Pois é neste ponto desta quase missiva que retomo a experiência do Curso de Especialização que coordenei no biênio 2021/2022 dentro de uma Universidade Federal. Também reafirmo o que chamei de atualização no processo formativo dos regentes corais de nosso país. Quero acreditar e provocar todos a pensarem que talvez esse seja o caminho para tornar essa conta mais positiva.


O projeto dessa Especialização começou em 2020, fortemente influenciado pela ABRACO e suas reverberações. Não demorou muito para ficar claro que apenas os docentes da universidade proponente seriam insuficientes para abranger o escopo do projeto. Por isso, convidamos outros 25 profissionais espalhados pelas cinco regiões do país, com comprovada relevância na área. Todos os convites foram prontamente aceitos pelos destinatários. É importante ressaltar que ninguém receberia qualquer remuneração por fazer parte do Curso. A gratuidade era mútua... ninguém pagava, ninguém recebia. Isso nos levou à comprovação in loco de que temos no país uma equipe extremamente capacitada de alto nível técnico e artístico, disposta a contribuir, mesmo que voluntariamente, para o desenvolvimento de nosso cenário musical.

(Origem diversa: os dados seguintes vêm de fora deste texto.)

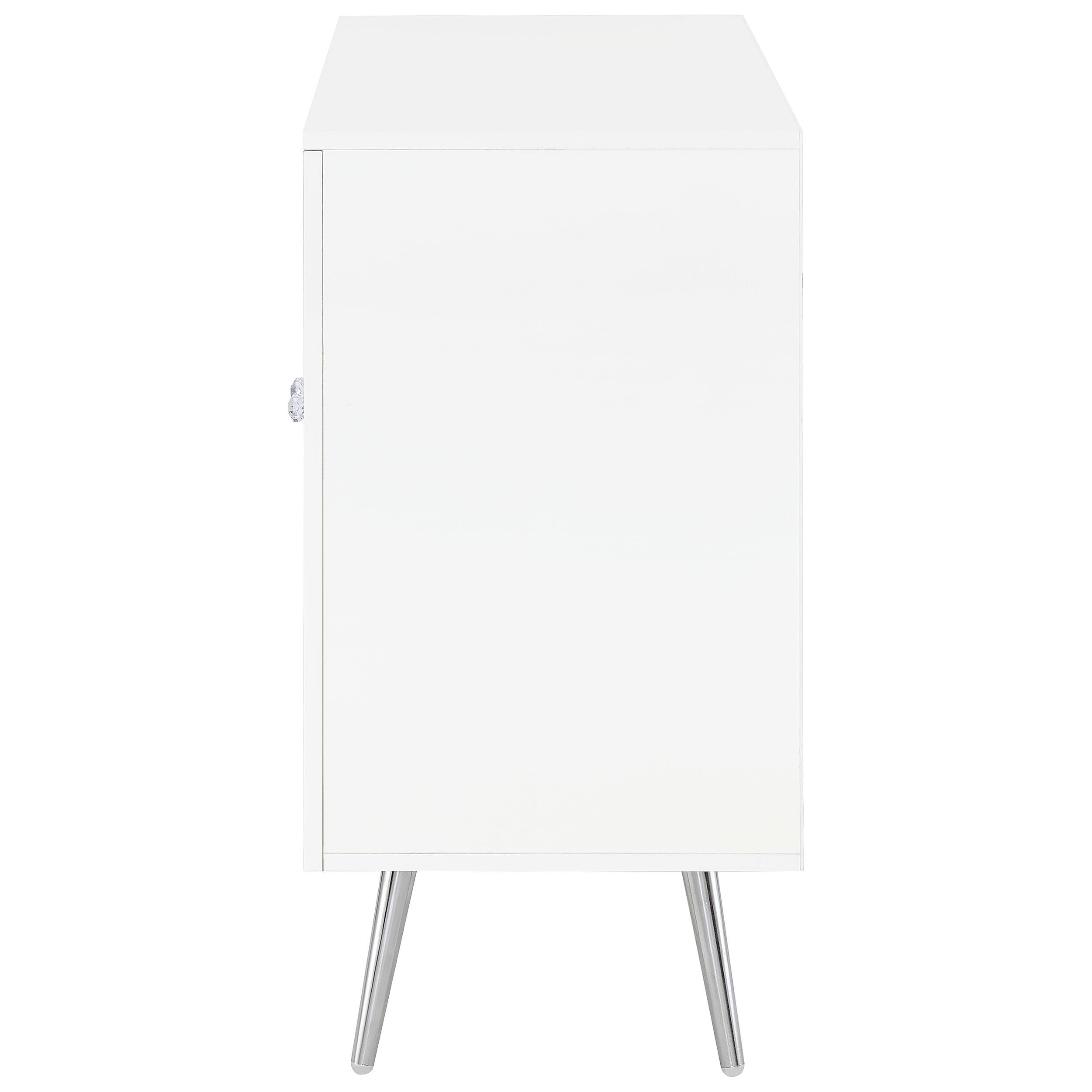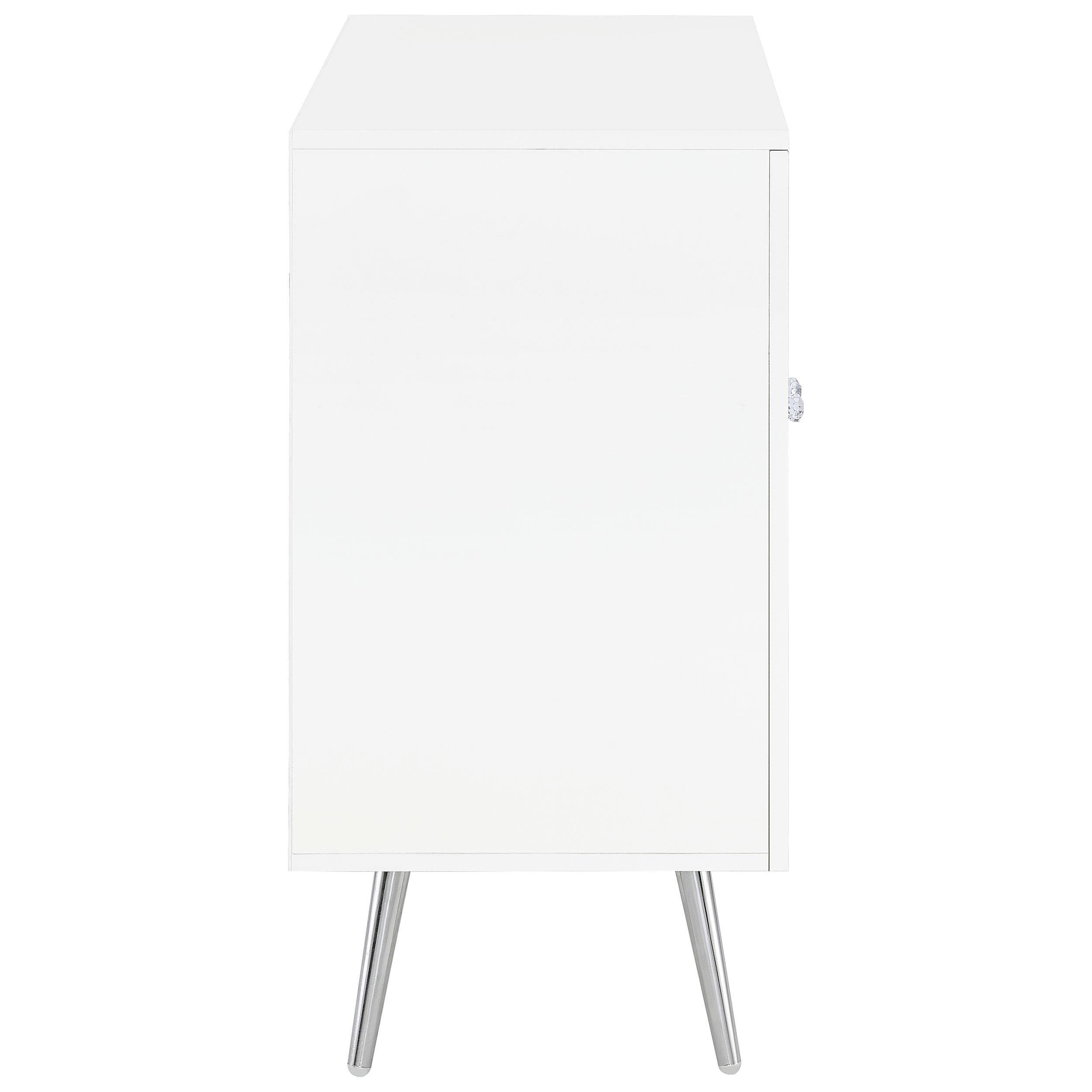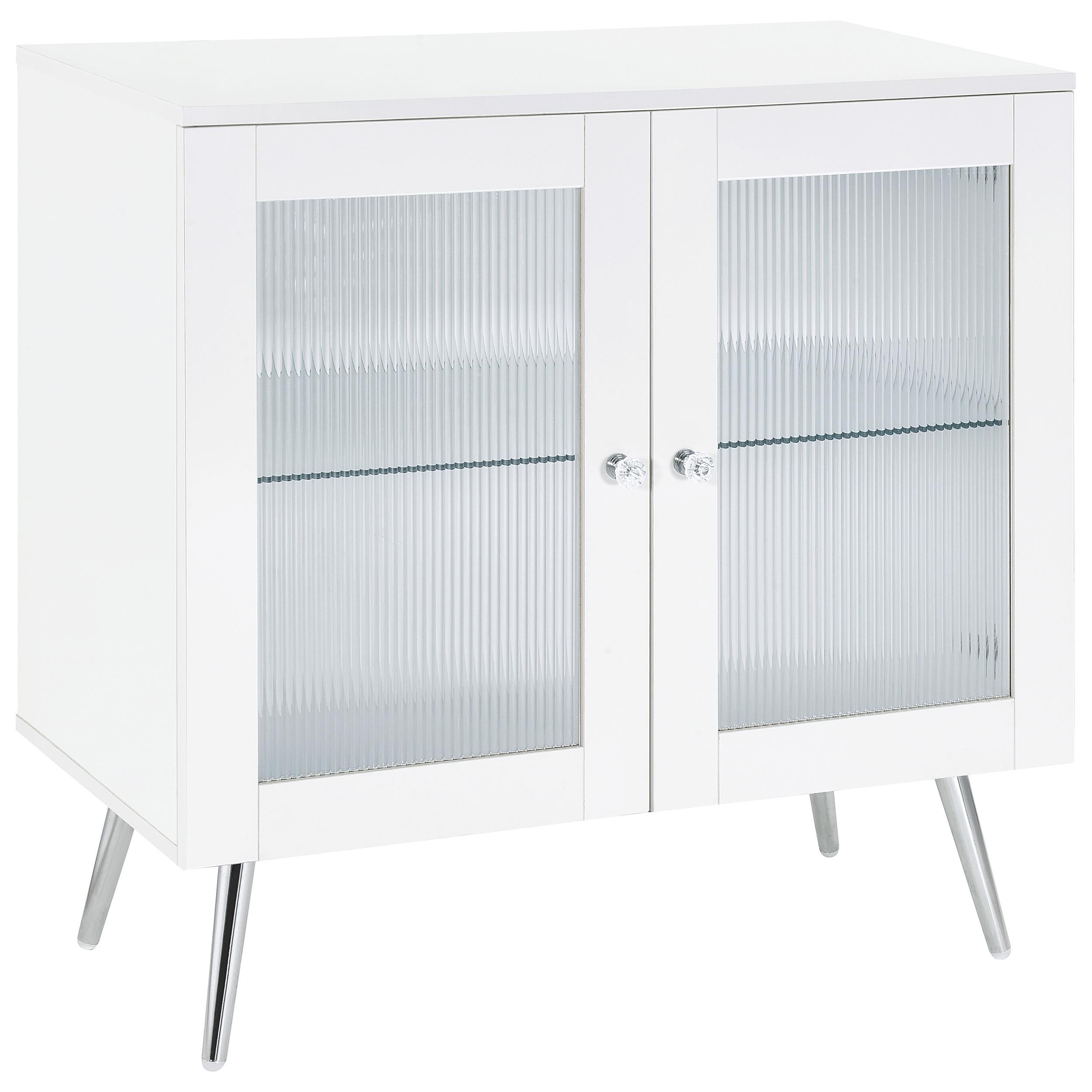 Step into a world where classic charm meets modern elegance with this 2-door accent cabinet. The crisp white finish on engineered wood construction is beautifully complemented by the textural contrast of rippled doors. Tapered steel legs, electroplated in chrome, give rise to two tiers of shelving, including a tempered glass shelf, all crowned with chic acrylic crystal knobs. This piece is not just a storage solution, but a statement that adds a touch of sophistication to any space.
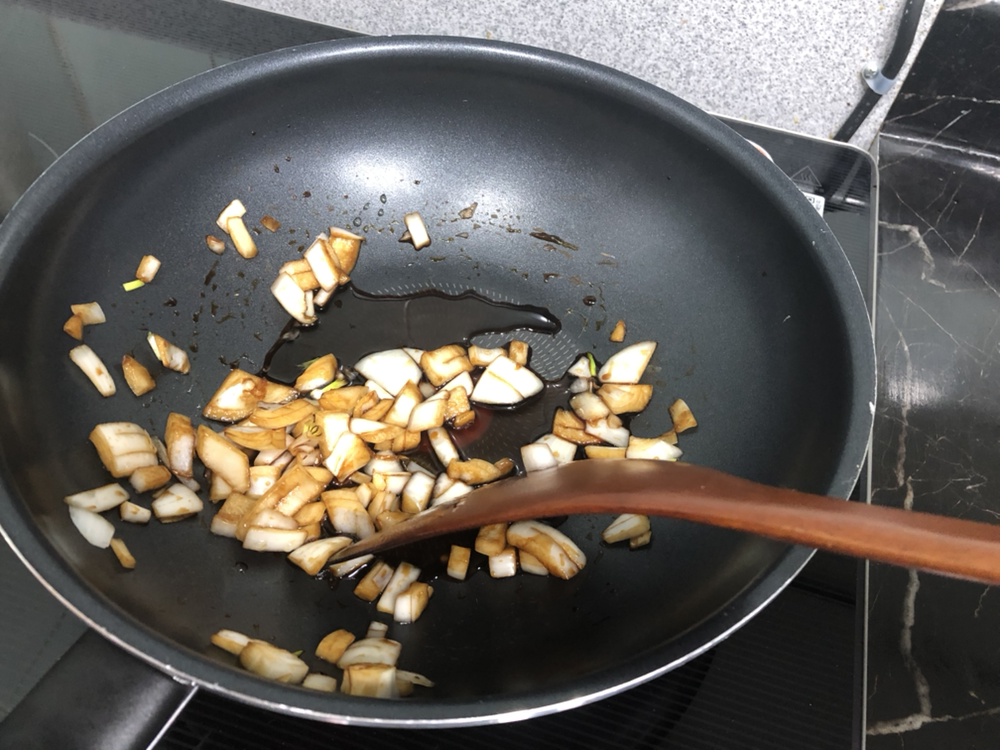 간장 4숟갈과 맛술 2숟갈 올리고당 2숟갈을 넣고 볶아준다. 우리집엔 맛술이 없어서 올리고당만 넣었다. 왠지 설탕으로 간을 맞춰도 될듯.
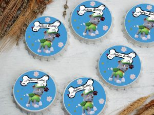 Mavi zemin üzerine sevimli köpek kemik temalı yuvarlak açacak magnet
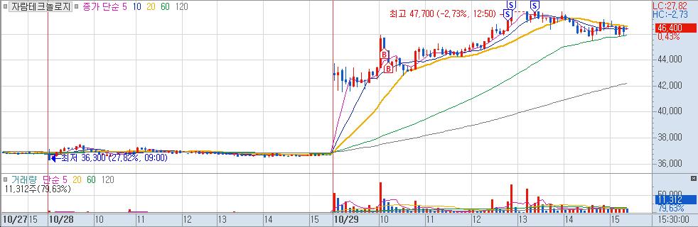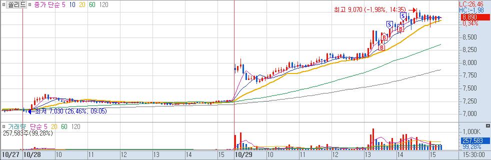 계속 우상향 하고 있고, 프로그램 매수가 계속 들어왔다. 당일 테마와도 잘 맞았다.
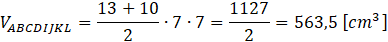 Zacznij od obliczenia objętości ABCDEFGH. Kolejno oblicz objętość ABCDIJKL, a następnie objętość IJKLEFGH poprzez odjęcie od objętości ABCDEFGH objętości ABCDIJKL.
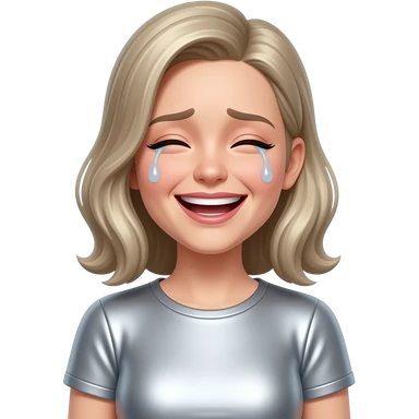Create an emoji of a seated woman in metallic silver. The woman is making a laughing-crying face expression. The background is white. The final result must have maximum resolution, high contrast, and extreme sharpness. Illustration style: Vintage – Art Deco – 2D emoji
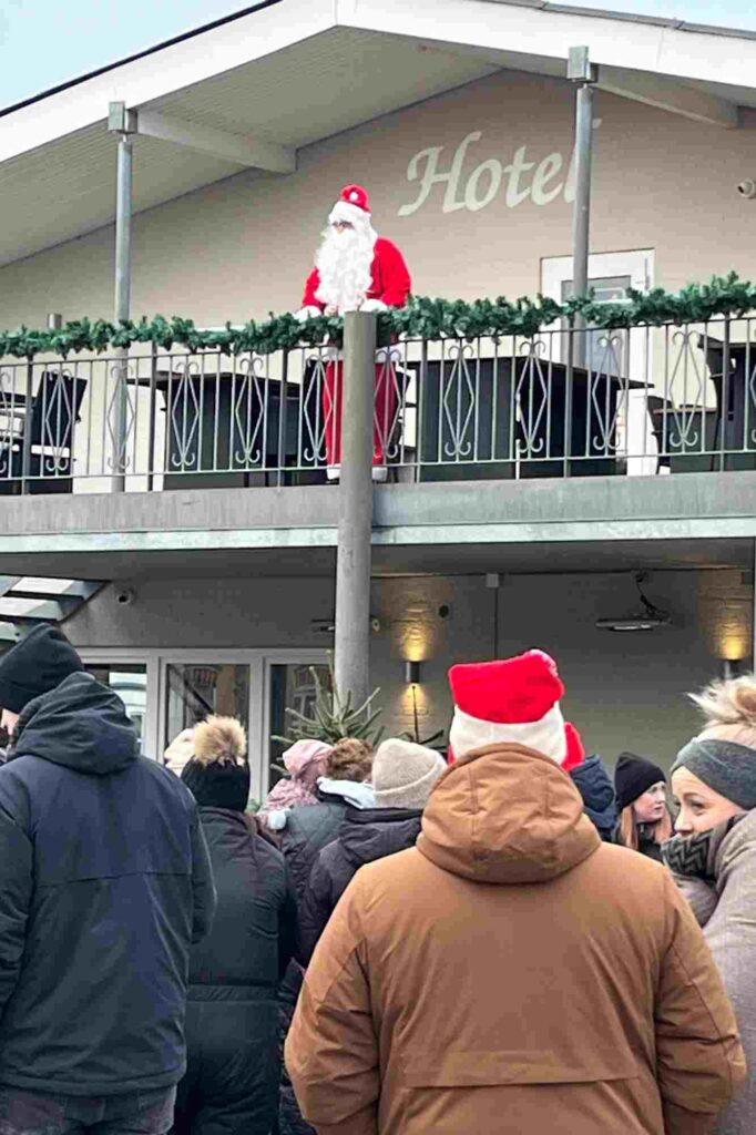 Traditionen tro blev der danset omkring det pyntede juletræ på parkeringspladsen, før alle søgte ind i varmen på Hotel Kløver Es til varme drikke og frisklavede æbleskiver.
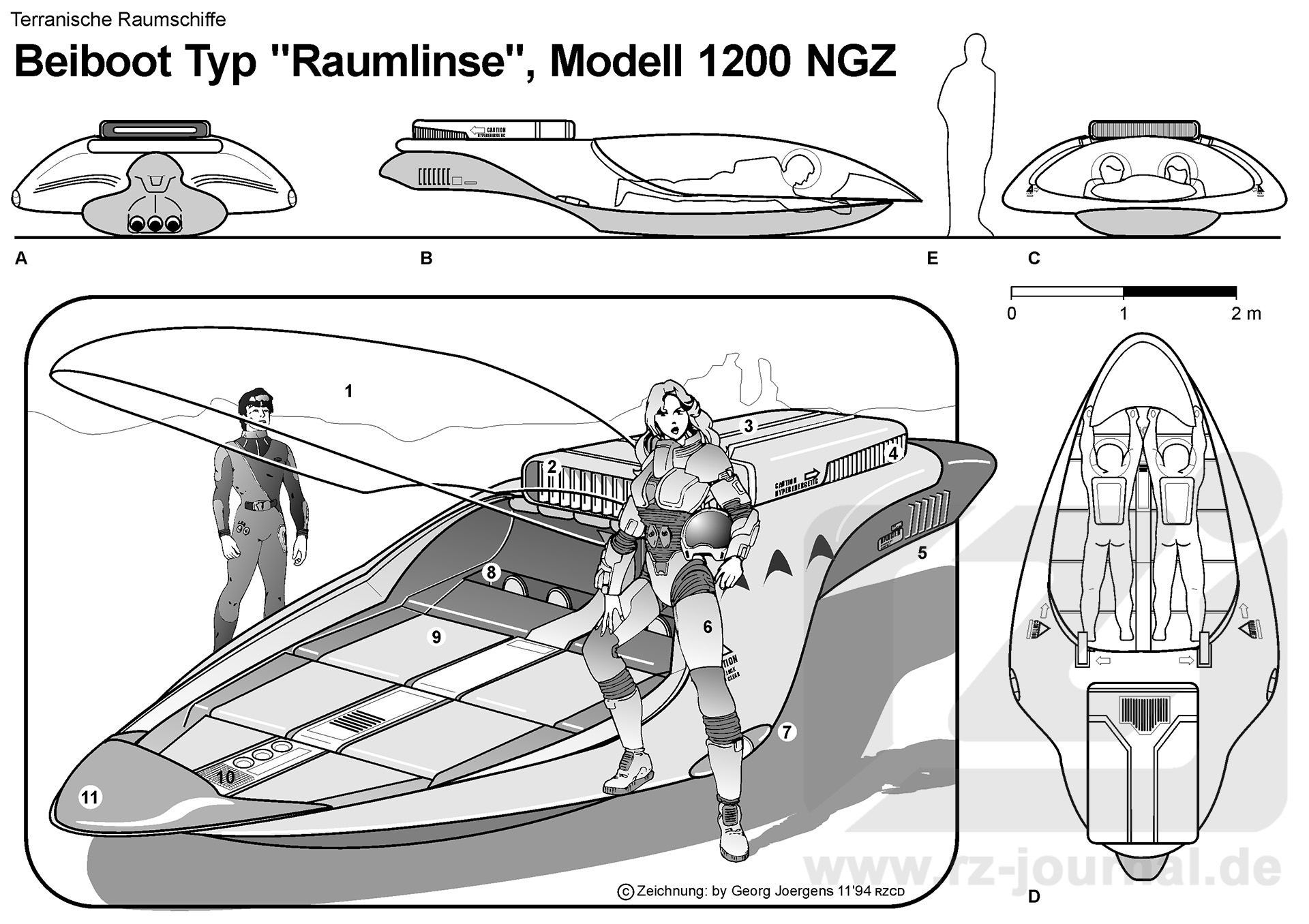 Allgemeines: Verbindungsboote, sog. Raumlinsen sind im Laufe der Zeit um knapp 2 zwei Drittel von ursprünglich 6 m auf nunmehr 4,8 m geschrumpft. Möglich wurde dies durch eine sehr kompakte Bauweise und der hochstehenden Technik, die hier zum Einsatz kommt. Vom Konzept her als Rettungsboot angelegt taugen die Raumlinsen wegen Ihrer geringen Größe und der damit verbundenen Ortungsschwierigkeiten auch als Spionage- und Erkundungsboote. Im Jahr 1217 setzte die PARACELSUS im Auftrag der Hanse 6 Raumlinsen ab um den Hamamesch-Basar GUMOSCH unerkannt zu erkunden. Gaea Grunget und Larini Priest gelang es so sich unbemerkt unter Mithilfe eines Containers in den Basar GUMOSCH einzuschleusen. Der Einstieg in die Raumlinse erfolgt durch das Hochschwenken der Kanzel. Da die Raumlinse keine Schleuse besitzt erspart man sich bei kleineren Operationen im All den Sauerstoff und der Pilot fliegt mit geschlossenem Anzugsystem, bzw. koppelt sich an das LES-System der Raumlinse.
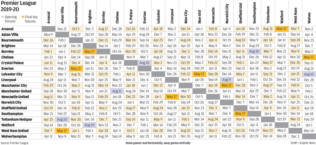 - Schedule grid for each Premier League team as Manchester City prepare to make it three English league titles in a row
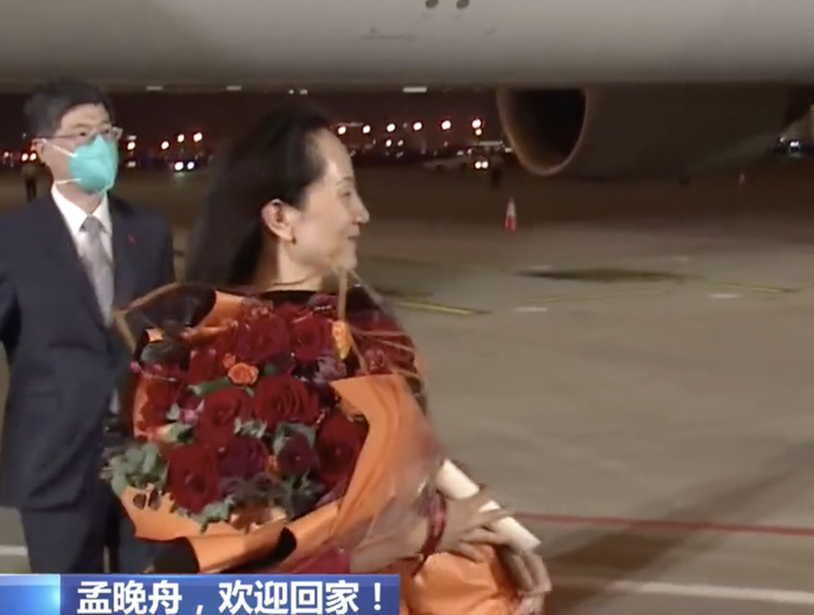 现场:孟晚舟走出机舱 一身中国红

Na sequência, durante o processo seletivo, ocorreu outra surpresa muito positiva. Com a autorização da universidade para abrir 50 vagas, elaboramos um processo seletivo específico, regido por um edital cuidadosamente preparado e divulgado com os recursos limitados que tínhamos. Ou seja, "lançamos o edital no site" e aguardamos para ver o que aconteceria. O resultado foi mais de 350 inscrições efetuadas dentro dos trâmites e prazos estabelecidos por nós, o que mais uma vez nos surpreendeu.


Diante disso, meu objetivo é chamar a atenção para os elementos aqui descritos: uma equipe humana de alto nível técnico, uma demanda da área à altura dessa equipe e, o mais importante, a boa vontade de todos os envolvidos nesse cenário.

 

O ponto ao qual gostaria de chegar com essa modesta reflexão é a necessidade de encontrarmos caminhos diferentes para oferecer e aproveitar oportunidades de formação e capacitação para nossos regentes corais. Sem abrir mão da estrutura que já temos, devemos adaptá-la para torná-la mais porosa aos diversos grupos de nossa sociedade, melhorando assim a transmissão de conhecimento e alcançando o avanço técnico necessário nessa área.

 

Concluo afirmando que ainda não somos capazes de responder com solidez à pergunta do título deste texto. No entanto, ao longo da busca por uma organização mínima que nos permita melhorar essa situação, também podemos desenvolver novas formas e, talvez, ainda mais eficientes de aprimoramento. Enquanto não sabemos ao certo como estamos formando nossos regentes, seguimos encontrando novos caminhos para o Universo Coral Brasileiro.